[TASK REQUIREMENTS] Every entry below should be written out exactly, and no image should appear.

Stored items from a collection
────────────────

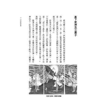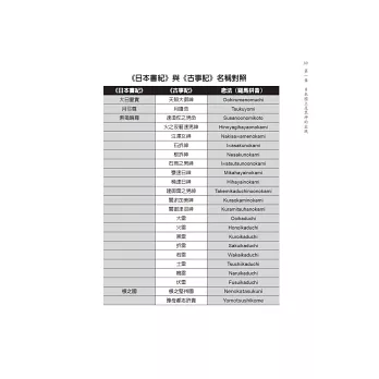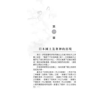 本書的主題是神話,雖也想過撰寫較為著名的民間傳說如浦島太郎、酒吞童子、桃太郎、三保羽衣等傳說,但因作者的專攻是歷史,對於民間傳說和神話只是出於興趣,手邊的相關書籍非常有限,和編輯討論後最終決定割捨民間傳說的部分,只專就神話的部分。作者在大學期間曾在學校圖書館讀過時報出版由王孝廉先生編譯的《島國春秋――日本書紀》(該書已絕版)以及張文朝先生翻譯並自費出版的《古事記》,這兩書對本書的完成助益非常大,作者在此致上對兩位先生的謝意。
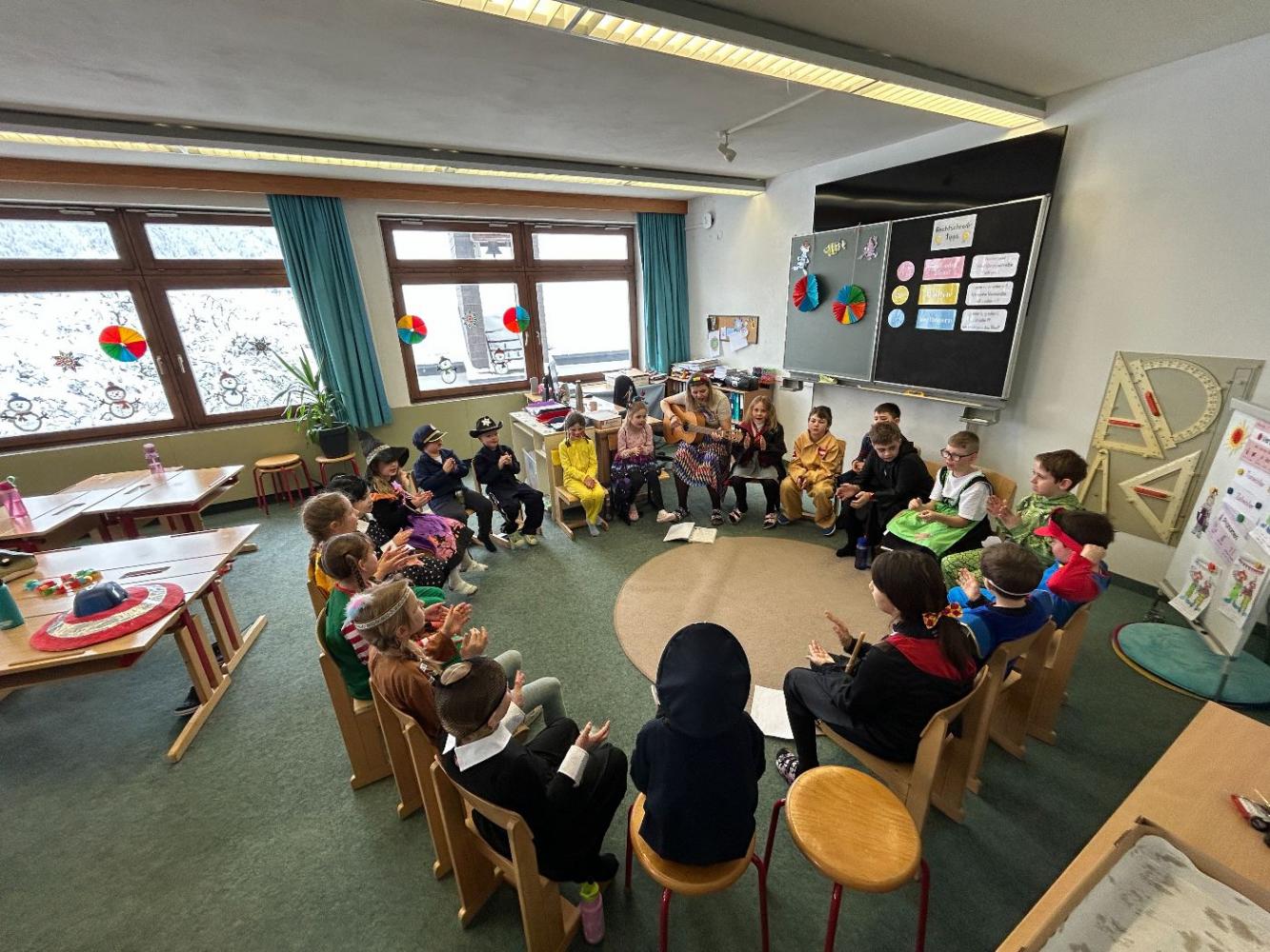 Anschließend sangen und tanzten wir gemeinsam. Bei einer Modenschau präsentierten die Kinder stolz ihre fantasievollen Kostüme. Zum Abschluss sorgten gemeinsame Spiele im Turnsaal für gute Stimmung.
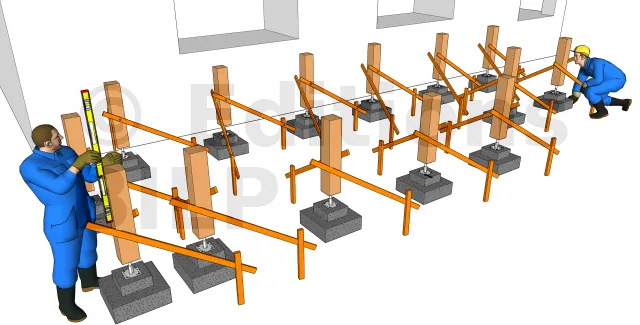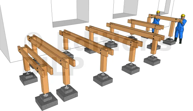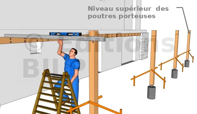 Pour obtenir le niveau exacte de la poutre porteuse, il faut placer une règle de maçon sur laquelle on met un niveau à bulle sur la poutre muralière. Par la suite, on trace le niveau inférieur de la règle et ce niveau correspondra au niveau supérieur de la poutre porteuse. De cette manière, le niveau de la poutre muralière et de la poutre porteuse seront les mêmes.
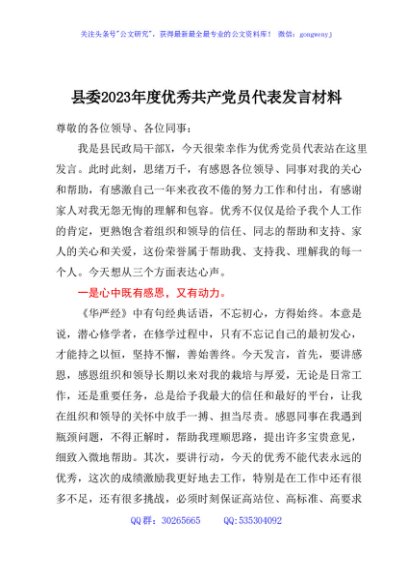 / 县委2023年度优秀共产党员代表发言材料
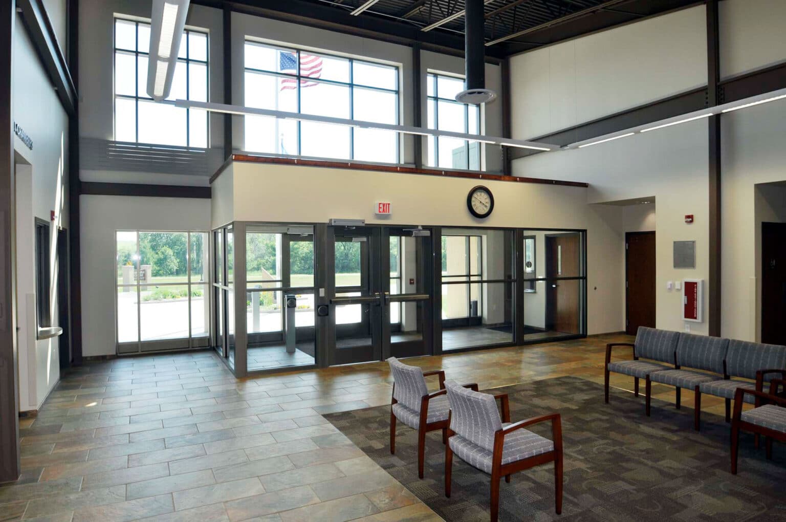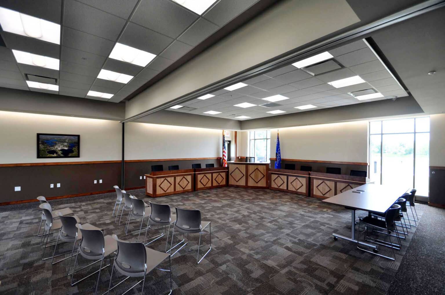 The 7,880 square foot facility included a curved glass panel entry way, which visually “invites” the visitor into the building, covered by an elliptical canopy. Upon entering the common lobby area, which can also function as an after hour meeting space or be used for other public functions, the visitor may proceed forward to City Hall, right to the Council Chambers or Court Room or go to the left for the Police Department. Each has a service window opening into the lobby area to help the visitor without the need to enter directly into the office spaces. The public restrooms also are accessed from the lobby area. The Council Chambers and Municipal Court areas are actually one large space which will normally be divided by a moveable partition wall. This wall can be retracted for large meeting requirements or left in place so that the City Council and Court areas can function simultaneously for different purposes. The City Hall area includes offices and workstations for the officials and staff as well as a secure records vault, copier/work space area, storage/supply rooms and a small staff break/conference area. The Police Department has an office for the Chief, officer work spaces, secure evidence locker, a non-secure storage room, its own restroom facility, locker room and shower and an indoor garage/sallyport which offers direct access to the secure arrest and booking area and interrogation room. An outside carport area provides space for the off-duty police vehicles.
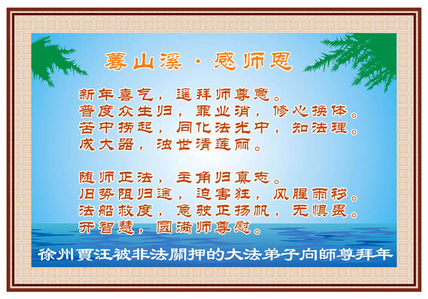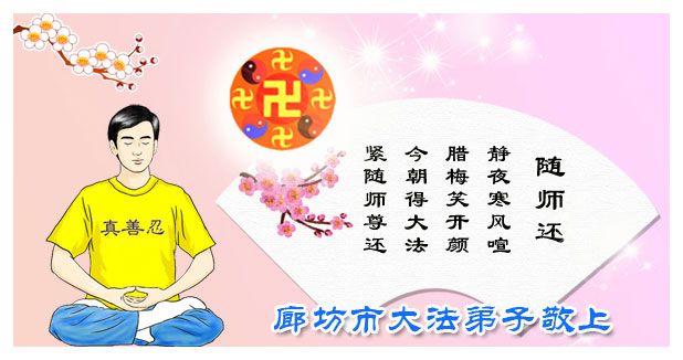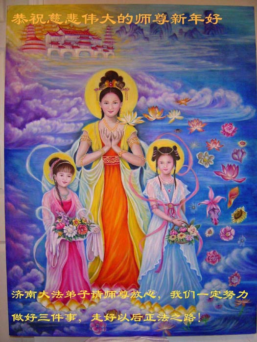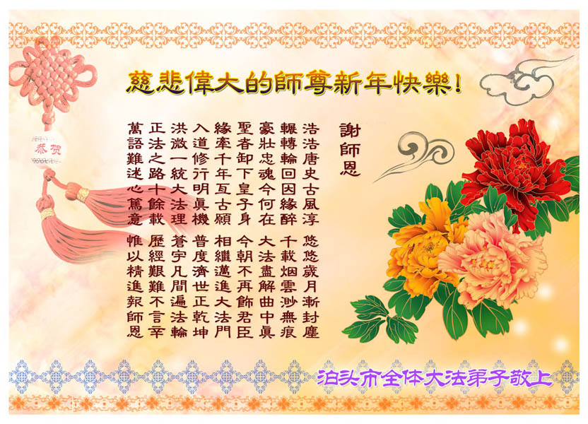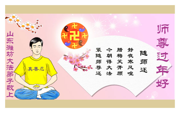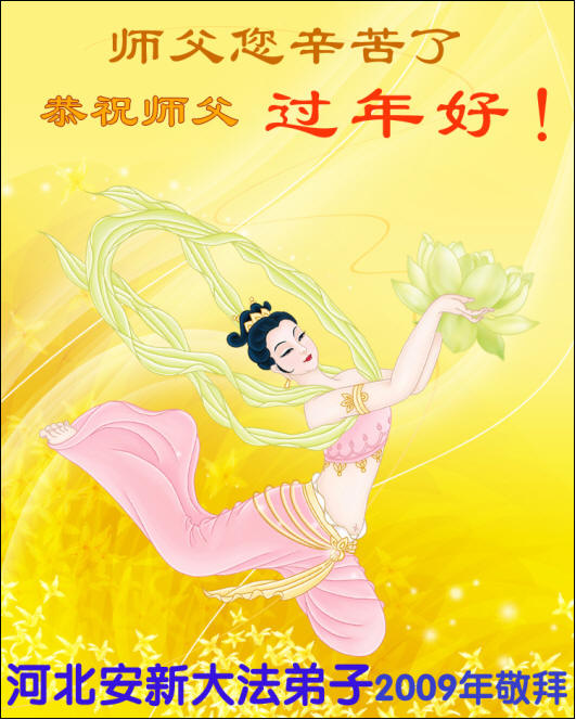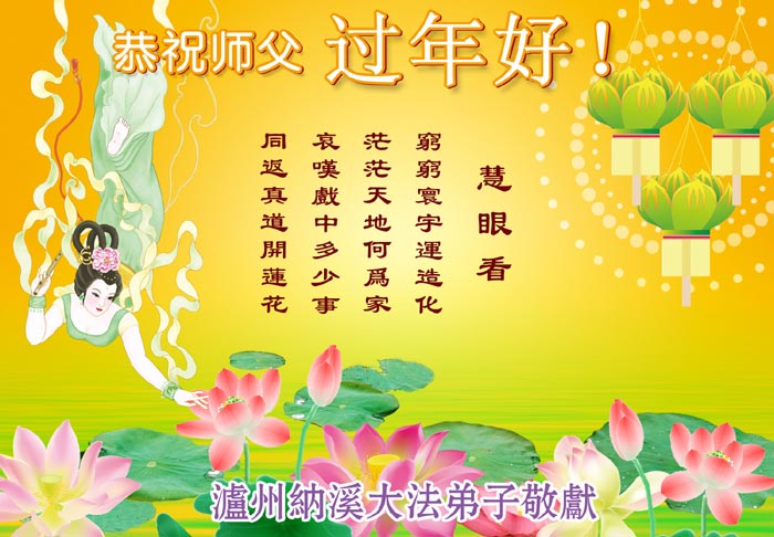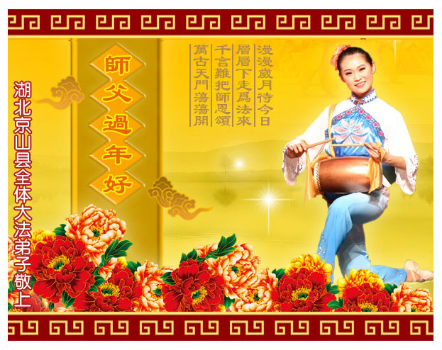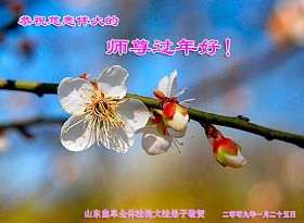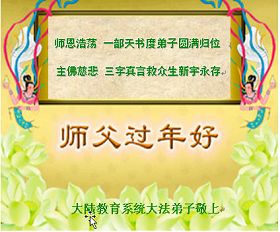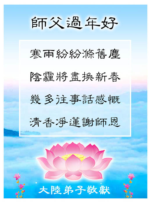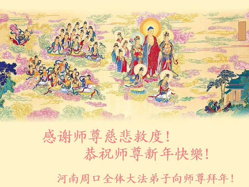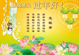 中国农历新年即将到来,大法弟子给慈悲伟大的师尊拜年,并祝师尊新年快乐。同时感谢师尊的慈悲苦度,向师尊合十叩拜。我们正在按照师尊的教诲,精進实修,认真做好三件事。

────────────────

[SOLUTION TO THE EXERCISE]
 本書的主題是神話,雖也想過撰寫較為著名的民間傳說如浦島太郎、酒吞童子、桃太郎、三保羽衣等傳說,但因作者的專攻是歷史,對於民間傳說和神話只是出於興趣,手邊的相關書籍非常有限,和編輯討論後最終決定割捨民間傳說的部分,只專就神話的部分。作者在大學期間曾在學校圖書館讀過時報出版由王孝廉先生編譯的《島國春秋――日本書紀》(該書已絕版)以及張文朝先生翻譯並自費出版的《古事記》,這兩書對本書的完成助益非常大,作者在此致上對兩位先生的謝意。
 Anschließend sangen und tanzten wir gemeinsam. Bei einer Modenschau präsentierten die Kinder stolz ihre fantasievollen Kostüme. Zum Abschluss sorgten gemeinsame Spiele im Turnsaal für gute Stimmung.
 Pour obtenir le niveau exacte de la poutre porteuse, il faut placer une règle de maçon sur laquelle on met un niveau à bulle sur la poutre muralière. Par la suite, on trace le niveau inférieur de la règle et ce niveau correspondra au niveau supérieur de la poutre porteuse. De cette manière, le niveau de la poutre muralière et de la poutre porteuse seront les mêmes.
 / 县委2023年度优秀共产党员代表发言材料
 The 7,880 square foot facility included a curved glass panel entry way, which visually “invites” the visitor into the building, covered by an elliptical canopy. Upon entering the common lobby area, which can also function as an after hour meeting space or be used for other public functions, the visitor may proceed forward to City Hall, right to the Council Chambers or Court Room or go to the left for the Police Department. Each has a service window opening into the lobby area to help the visitor without the need to enter directly into the office spaces. The public restrooms also are accessed from the lobby area. The Council Chambers and Municipal Court areas are actually one large space which will normally be divided by a moveable partition wall. This wall can be retracted for large meeting requirements or left in place so that the City Council and Court areas can function simultaneously for different purposes. The City Hall area includes offices and workstations for the officials and staff as well as a secure records vault, copier/work space area, storage/supply rooms and a small staff break/conference area. The Police Department has an office for the Chief, officer work spaces, secure evidence locker, a non-secure storage room, its own restroom facility, locker room and shower and an indoor garage/sallyport which offers direct access to the secure arrest and booking area and interrogation room. An outside carport area provides space for the off-duty police vehicles.
 中国农历新年即将到来,大法弟子给慈悲伟大的师尊拜年,并祝师尊新年快乐。同时感谢师尊的慈悲苦度,向师尊合十叩拜。我们正在按照师尊的教诲,精進实修,认真做好三件事。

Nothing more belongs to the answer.